===== Information
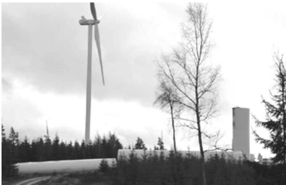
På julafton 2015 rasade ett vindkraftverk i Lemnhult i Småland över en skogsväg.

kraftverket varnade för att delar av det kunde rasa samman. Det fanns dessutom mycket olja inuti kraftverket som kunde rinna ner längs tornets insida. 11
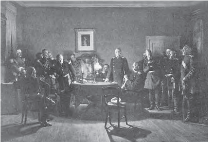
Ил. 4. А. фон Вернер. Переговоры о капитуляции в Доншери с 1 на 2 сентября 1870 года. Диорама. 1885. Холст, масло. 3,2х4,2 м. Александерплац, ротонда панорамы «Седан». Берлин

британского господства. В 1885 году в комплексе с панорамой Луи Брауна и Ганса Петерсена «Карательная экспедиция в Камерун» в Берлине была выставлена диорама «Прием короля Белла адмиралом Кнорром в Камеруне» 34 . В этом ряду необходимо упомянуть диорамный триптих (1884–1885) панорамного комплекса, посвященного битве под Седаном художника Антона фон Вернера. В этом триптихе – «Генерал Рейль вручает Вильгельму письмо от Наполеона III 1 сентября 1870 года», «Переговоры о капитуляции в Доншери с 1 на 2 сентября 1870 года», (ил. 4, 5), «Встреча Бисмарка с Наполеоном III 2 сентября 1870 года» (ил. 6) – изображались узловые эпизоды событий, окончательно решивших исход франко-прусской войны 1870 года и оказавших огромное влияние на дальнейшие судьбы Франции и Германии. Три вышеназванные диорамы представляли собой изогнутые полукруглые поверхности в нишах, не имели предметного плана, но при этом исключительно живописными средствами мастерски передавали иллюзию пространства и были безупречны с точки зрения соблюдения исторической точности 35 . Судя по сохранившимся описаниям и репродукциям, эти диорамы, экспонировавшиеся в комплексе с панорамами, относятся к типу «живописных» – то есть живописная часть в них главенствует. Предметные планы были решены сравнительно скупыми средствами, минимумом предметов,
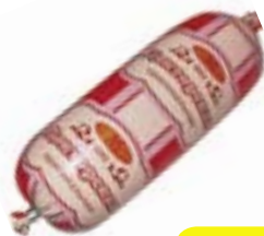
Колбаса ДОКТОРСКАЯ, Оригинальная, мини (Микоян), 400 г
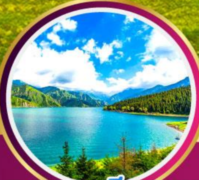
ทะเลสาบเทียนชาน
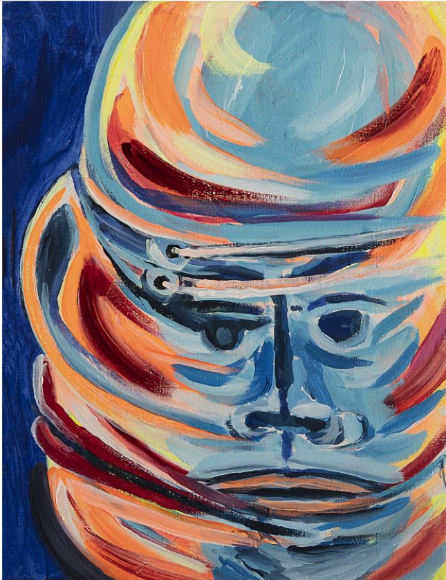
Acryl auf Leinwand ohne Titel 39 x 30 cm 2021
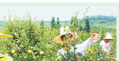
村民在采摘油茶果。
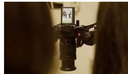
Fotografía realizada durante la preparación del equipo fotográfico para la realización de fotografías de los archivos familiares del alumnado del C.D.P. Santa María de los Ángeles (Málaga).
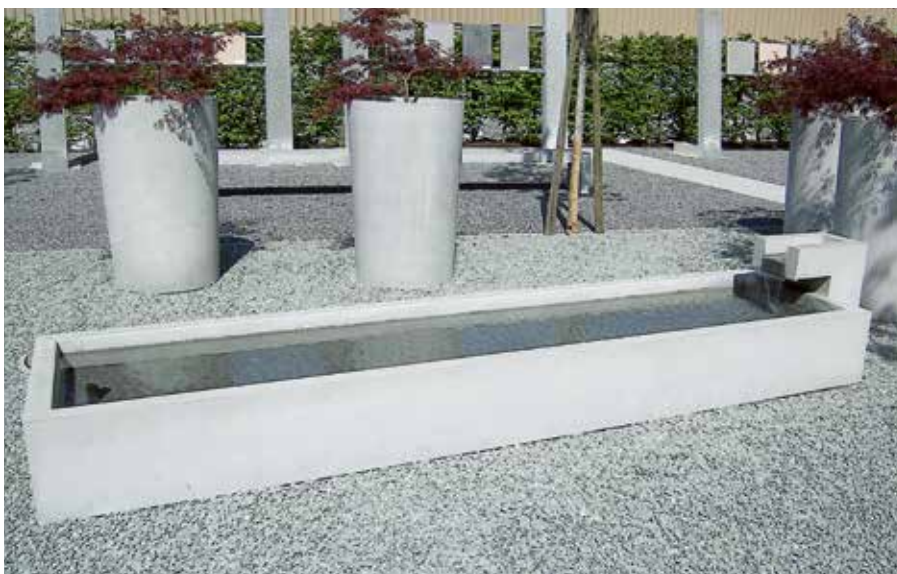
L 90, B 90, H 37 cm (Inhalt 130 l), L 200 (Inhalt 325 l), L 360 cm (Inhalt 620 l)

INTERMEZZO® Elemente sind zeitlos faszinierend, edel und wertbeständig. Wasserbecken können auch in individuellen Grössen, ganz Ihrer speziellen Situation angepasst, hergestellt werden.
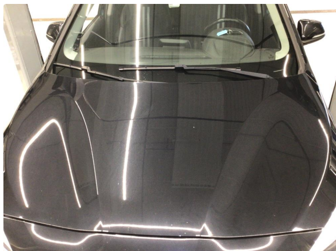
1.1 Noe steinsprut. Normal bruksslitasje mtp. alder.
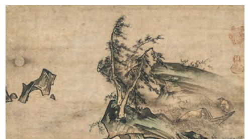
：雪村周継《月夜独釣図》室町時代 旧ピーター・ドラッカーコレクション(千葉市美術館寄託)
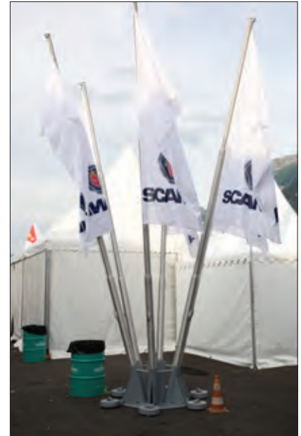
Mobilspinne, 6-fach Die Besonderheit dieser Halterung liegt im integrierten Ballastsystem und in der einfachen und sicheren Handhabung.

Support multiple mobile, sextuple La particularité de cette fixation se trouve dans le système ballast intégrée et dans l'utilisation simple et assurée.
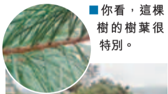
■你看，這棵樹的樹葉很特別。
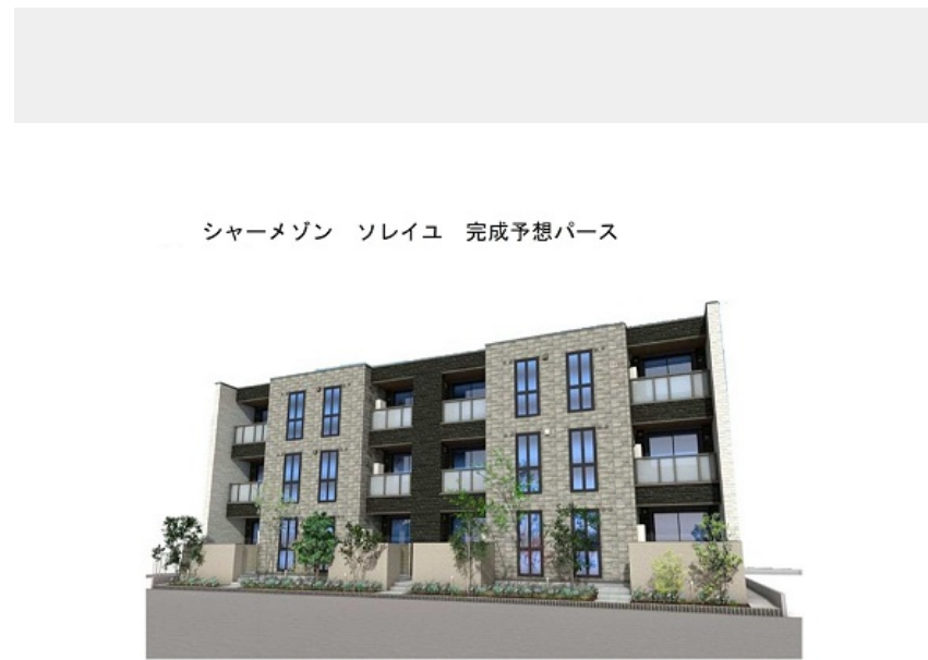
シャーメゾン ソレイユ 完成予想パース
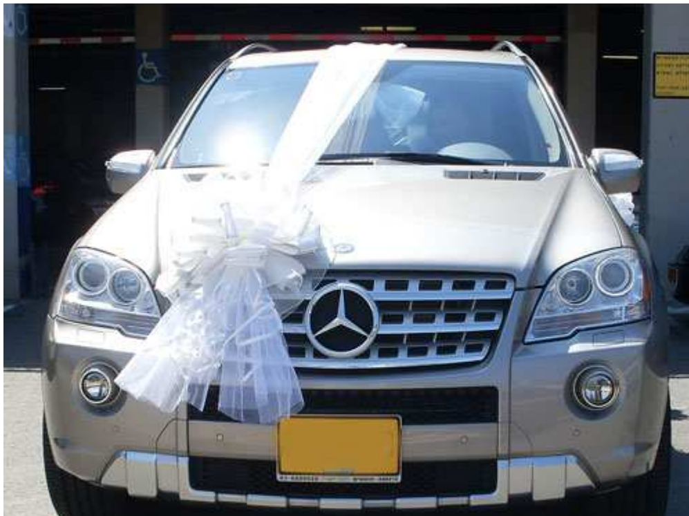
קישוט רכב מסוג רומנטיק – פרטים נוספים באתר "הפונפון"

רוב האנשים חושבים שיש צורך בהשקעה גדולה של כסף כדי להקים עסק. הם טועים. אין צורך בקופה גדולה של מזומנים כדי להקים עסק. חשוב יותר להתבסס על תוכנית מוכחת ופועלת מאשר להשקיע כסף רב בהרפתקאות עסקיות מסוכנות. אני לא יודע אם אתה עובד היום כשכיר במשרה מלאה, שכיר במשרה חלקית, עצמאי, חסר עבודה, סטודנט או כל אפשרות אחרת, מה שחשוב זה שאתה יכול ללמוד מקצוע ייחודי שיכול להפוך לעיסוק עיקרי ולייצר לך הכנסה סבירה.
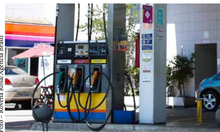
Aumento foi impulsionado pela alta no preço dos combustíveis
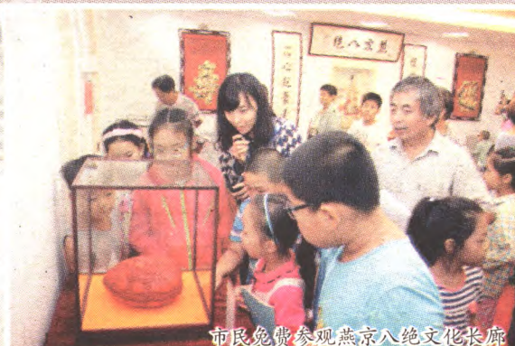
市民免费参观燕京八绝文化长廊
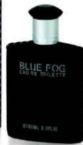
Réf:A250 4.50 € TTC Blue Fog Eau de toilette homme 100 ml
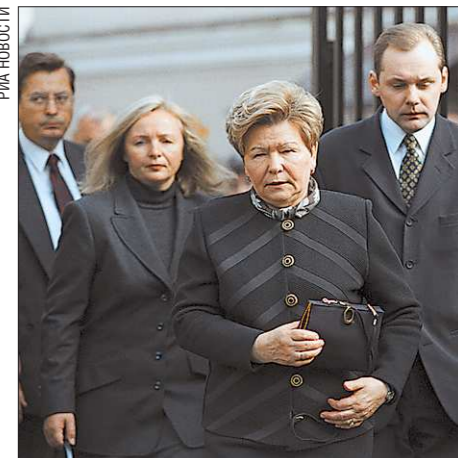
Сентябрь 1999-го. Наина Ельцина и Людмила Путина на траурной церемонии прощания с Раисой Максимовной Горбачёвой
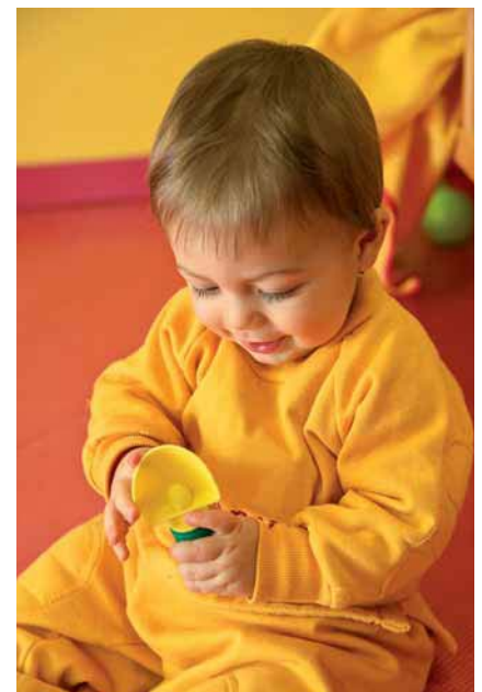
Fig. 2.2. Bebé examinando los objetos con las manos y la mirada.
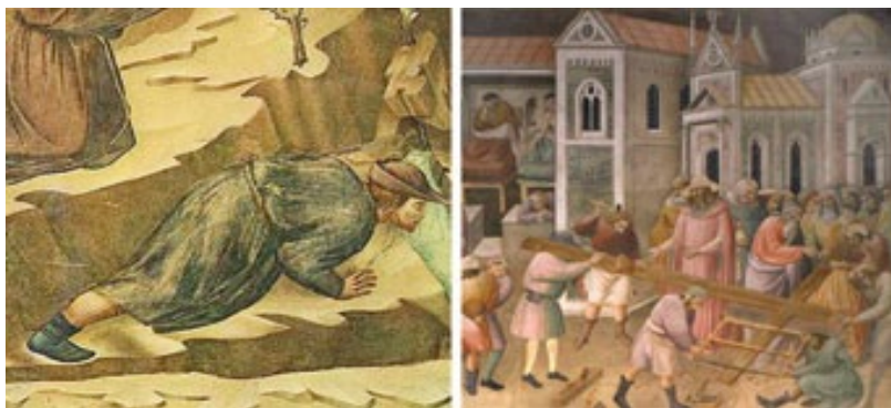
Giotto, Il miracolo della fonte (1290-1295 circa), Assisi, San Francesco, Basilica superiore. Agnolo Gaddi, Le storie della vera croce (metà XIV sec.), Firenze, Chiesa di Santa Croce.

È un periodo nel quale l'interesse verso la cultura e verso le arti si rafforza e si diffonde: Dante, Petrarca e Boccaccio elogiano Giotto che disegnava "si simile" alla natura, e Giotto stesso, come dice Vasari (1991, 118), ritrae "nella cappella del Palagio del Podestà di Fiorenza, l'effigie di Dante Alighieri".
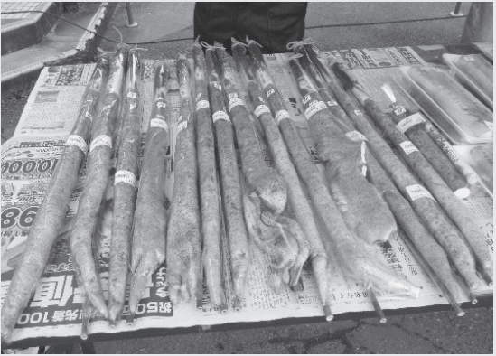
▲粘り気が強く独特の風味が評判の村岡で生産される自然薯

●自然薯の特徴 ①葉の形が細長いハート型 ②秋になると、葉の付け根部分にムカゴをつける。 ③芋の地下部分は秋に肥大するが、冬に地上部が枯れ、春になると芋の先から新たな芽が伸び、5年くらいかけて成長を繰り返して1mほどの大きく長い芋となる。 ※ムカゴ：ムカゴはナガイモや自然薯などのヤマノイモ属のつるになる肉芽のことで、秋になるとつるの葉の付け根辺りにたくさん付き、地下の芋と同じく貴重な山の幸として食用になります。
==========
◆ **What you should do**
Since the pictures are not wanted, write out the rest of the data exactly as it reads.

◆ **Written reply**
På julafton 2015 rasade ett vindkraftverk i Lemnhult i Småland över en skogsväg.

kraftverket varnade för att delar av det kunde rasa samman. Det fanns dessutom mycket olja inuti kraftverket som kunde rinna ner längs tornets insida. 11
Ил. 4. А. фон Вернер. Переговоры о капитуляции в Доншери с 1 на 2 сентября 1870 года. Диорама. 1885. Холст, масло. 3,2х4,2 м. Александерплац, ротонда панорамы «Седан». Берлин

британского господства. В 1885 году в комплексе с панорамой Луи Брауна и Ганса Петерсена «Карательная экспедиция в Камерун» в Берлине была выставлена диорама «Прием короля Белла адмиралом Кнорром в Камеруне» 34 . В этом ряду необходимо упомянуть диорамный триптих (1884–1885) панорамного комплекса, посвященного битве под Седаном художника Антона фон Вернера. В этом триптихе – «Генерал Рейль вручает Вильгельму письмо от Наполеона III 1 сентября 1870 года», «Переговоры о капитуляции в Доншери с 1 на 2 сентября 1870 года», (ил. 4, 5), «Встреча Бисмарка с Наполеоном III 2 сентября 1870 года» (ил. 6) – изображались узловые эпизоды событий, окончательно решивших исход франко-прусской войны 1870 года и оказавших огромное влияние на дальнейшие судьбы Франции и Германии. Три вышеназванные диорамы представляли собой изогнутые полукруглые поверхности в нишах, не имели предметного плана, но при этом исключительно живописными средствами мастерски передавали иллюзию пространства и были безупречны с точки зрения соблюдения исторической точности 35 . Судя по сохранившимся описаниям и репродукциям, эти диорамы, экспонировавшиеся в комплексе с панорамами, относятся к типу «живописных» – то есть живописная часть в них главенствует. Предметные планы были решены сравнительно скупыми средствами, минимумом предметов,
Колбаса ДОКТОРСКАЯ, Оригинальная, мини (Микоян), 400 г
ทะเลสาบเทียนชาน
Acryl auf Leinwand ohne Titel 39 x 30 cm 2021
村民在采摘油茶果。
Fotografía realizada durante la preparación del equipo fotográfico para la realización de fotografías de los archivos familiares del alumnado del C.D.P. Santa María de los Ángeles (Málaga).
L 90, B 90, H 37 cm (Inhalt 130 l), L 200 (Inhalt 325 l), L 360 cm (Inhalt 620 l)

INTERMEZZO® Elemente sind zeitlos faszinierend, edel und wertbeständig. Wasserbecken können auch in individuellen Grössen, ganz Ihrer speziellen Situation angepasst, hergestellt werden.
1.1 Noe steinsprut. Normal bruksslitasje mtp. alder.
：雪村周継《月夜独釣図》室町時代 旧ピーター・ドラッカーコレクション(千葉市美術館寄託)
Mobilspinne, 6-fach Die Besonderheit dieser Halterung liegt im integrierten Ballastsystem und in der einfachen und sicheren Handhabung.

Support multiple mobile, sextuple La particularité de cette fixation se trouve dans le système ballast intégrée et dans l'utilisation simple et assurée.
■你看，這棵樹的樹葉很特別。
シャーメゾン ソレイユ 完成予想パース
קישוט רכב מסוג רומנטיק – פרטים נוספים באתר "הפונפון"

רוב האנשים חושבים שיש צורך בהשקעה גדולה של כסף כדי להקים עסק. הם טועים. אין צורך בקופה גדולה של מזומנים כדי להקים עסק. חשוב יותר להתבסס על תוכנית מוכחת ופועלת מאשר להשקיע כסף רב בהרפתקאות עסקיות מסוכנות. אני לא יודע אם אתה עובד היום כשכיר במשרה מלאה, שכיר במשרה חלקית, עצמאי, חסר עבודה, סטודנט או כל אפשרות אחרת, מה שחשוב זה שאתה יכול ללמוד מקצוע ייחודי שיכול להפוך לעיסוק עיקרי ולייצר לך הכנסה סבירה.
Aumento foi impulsionado pela alta no preço dos combustíveis
市民免费参观燕京八绝文化长廊
Réf:A250 4.50 € TTC Blue Fog Eau de toilette homme 100 ml
Сентябрь 1999-го. Наина Ельцина и Людмила Путина на траурной церемонии прощания с Раисой Максимовной Горбачёвой
Fig. 2.2. Bebé examinando los objetos con las manos y la mirada.
Giotto, Il miracolo della fonte (1290-1295 circa), Assisi, San Francesco, Basilica superiore. Agnolo Gaddi, Le storie della vera croce (metà XIV sec.), Firenze, Chiesa di Santa Croce.

È un periodo nel quale l'interesse verso la cultura e verso le arti si rafforza e si diffonde: Dante, Petrarca e Boccaccio elogiano Giotto che disegnava "si simile" alla natura, e Giotto stesso, come dice Vasari (1991, 118), ritrae "nella cappella del Palagio del Podestà di Fiorenza, l'effigie di Dante Alighieri".
▲粘り気が強く独特の風味が評判の村岡で生産される自然薯

●自然薯の特徴 ①葉の形が細長いハート型 ②秋になると、葉の付け根部分にムカゴをつける。 ③芋の地下部分は秋に肥大するが、冬に地上部が枯れ、春になると芋の先から新たな芽が伸び、5年くらいかけて成長を繰り返して1mほどの大きく長い芋となる。 ※ムカゴ：ムカゴはナガイモや自然薯などのヤマノイモ属のつるになる肉芽のことで、秋になるとつるの葉の付け根辺りにたくさん付き、地下の芋と同じく貴重な山の幸として食用になります。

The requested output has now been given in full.